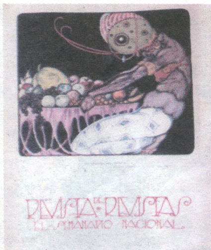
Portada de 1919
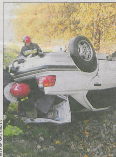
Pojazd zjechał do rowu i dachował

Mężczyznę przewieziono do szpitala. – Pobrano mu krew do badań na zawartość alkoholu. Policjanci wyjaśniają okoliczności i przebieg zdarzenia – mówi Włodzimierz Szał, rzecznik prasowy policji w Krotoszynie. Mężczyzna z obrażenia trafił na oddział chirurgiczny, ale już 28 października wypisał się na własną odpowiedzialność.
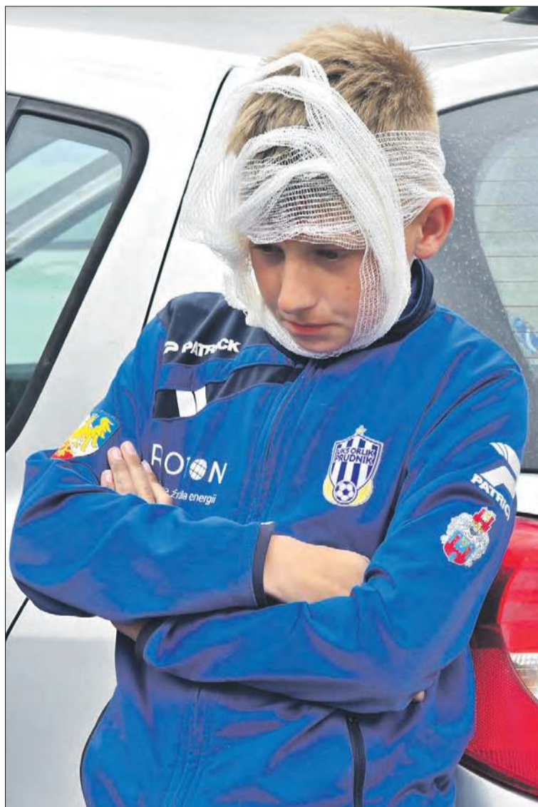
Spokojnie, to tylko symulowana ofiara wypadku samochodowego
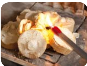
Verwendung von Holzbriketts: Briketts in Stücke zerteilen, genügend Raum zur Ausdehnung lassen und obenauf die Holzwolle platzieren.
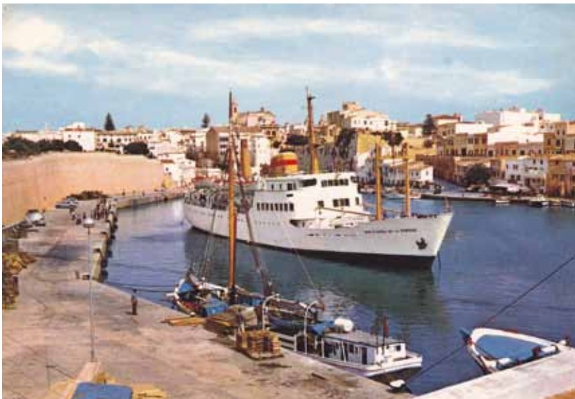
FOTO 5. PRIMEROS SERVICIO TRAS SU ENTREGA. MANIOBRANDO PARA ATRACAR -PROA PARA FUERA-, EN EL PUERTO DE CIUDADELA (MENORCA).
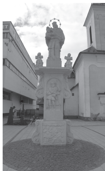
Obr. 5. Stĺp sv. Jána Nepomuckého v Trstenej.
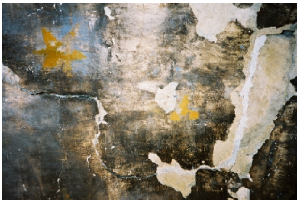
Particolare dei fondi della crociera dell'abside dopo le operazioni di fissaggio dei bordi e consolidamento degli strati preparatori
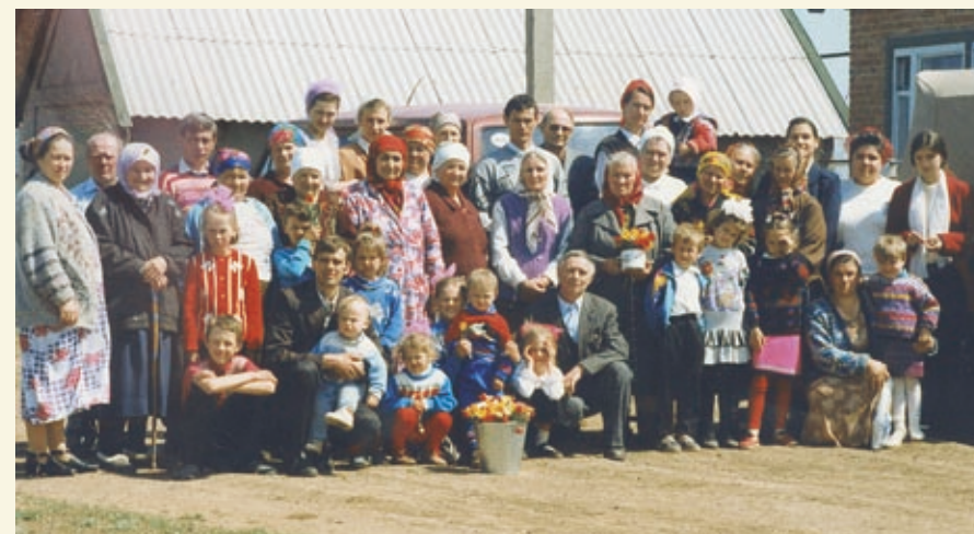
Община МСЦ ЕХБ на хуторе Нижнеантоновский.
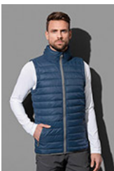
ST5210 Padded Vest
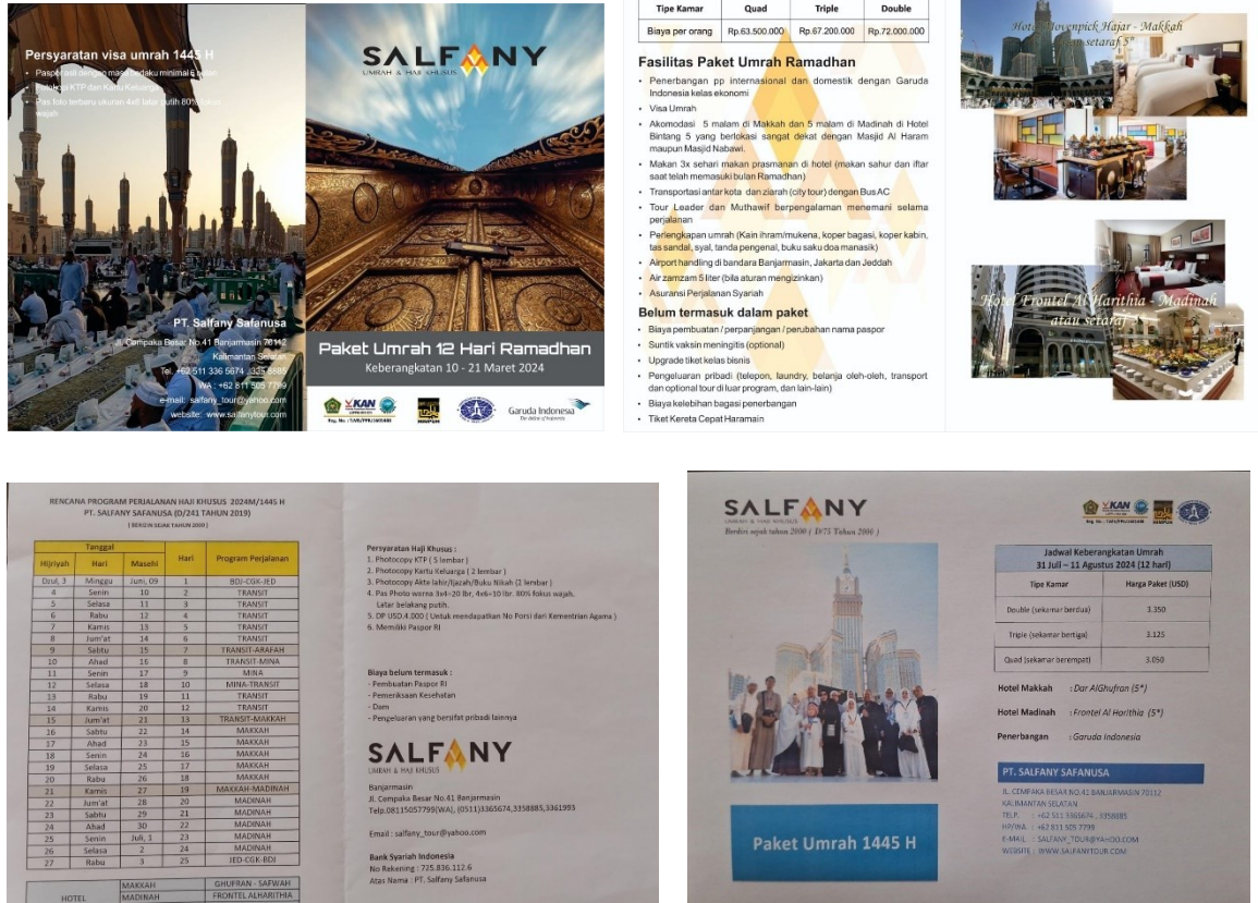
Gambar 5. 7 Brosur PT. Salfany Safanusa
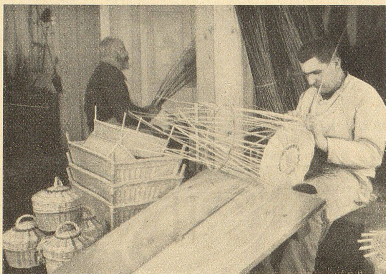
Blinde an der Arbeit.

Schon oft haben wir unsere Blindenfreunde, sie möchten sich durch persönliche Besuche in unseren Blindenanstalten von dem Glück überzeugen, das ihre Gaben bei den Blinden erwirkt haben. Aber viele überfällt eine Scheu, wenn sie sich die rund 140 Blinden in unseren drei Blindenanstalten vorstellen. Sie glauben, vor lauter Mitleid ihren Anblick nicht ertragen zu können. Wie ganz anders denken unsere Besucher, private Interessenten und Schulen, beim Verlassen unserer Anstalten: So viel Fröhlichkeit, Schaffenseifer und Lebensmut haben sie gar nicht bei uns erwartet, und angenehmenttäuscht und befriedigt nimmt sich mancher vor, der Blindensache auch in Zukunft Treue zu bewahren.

───

What this task involves -
Pictures stay out; retype only the lines from the line containing "Obr. 5. Stĺp sv. Jána Nepomuckého v Trstenej." through the end of the listing, inclusive, exactly as they appear.

Solved exercise -
Obr. 5. Stĺp sv. Jána Nepomuckého v Trstenej.
Particolare dei fondi della crociera dell'abside dopo le operazioni di fissaggio dei bordi e consolidamento degli strati preparatori
Община МСЦ ЕХБ на хуторе Нижнеантоновский.
ST5210 Padded Vest
Gambar 5. 7 Brosur PT. Salfany Safanusa
Blinde an der Arbeit.

Schon oft haben wir unsere Blindenfreunde, sie möchten sich durch persönliche Besuche in unseren Blindenanstalten von dem Glück überzeugen, das ihre Gaben bei den Blinden erwirkt haben. Aber viele überfällt eine Scheu, wenn sie sich die rund 140 Blinden in unseren drei Blindenanstalten vorstellen. Sie glauben, vor lauter Mitleid ihren Anblick nicht ertragen zu können. Wie ganz anders denken unsere Besucher, private Interessenten und Schulen, beim Verlassen unserer Anstalten: So viel Fröhlichkeit, Schaffenseifer und Lebensmut haben sie gar nicht bei uns erwartet, und angenehmenttäuscht und befriedigt nimmt sich mancher vor, der Blindensache auch in Zukunft Treue zu bewahren.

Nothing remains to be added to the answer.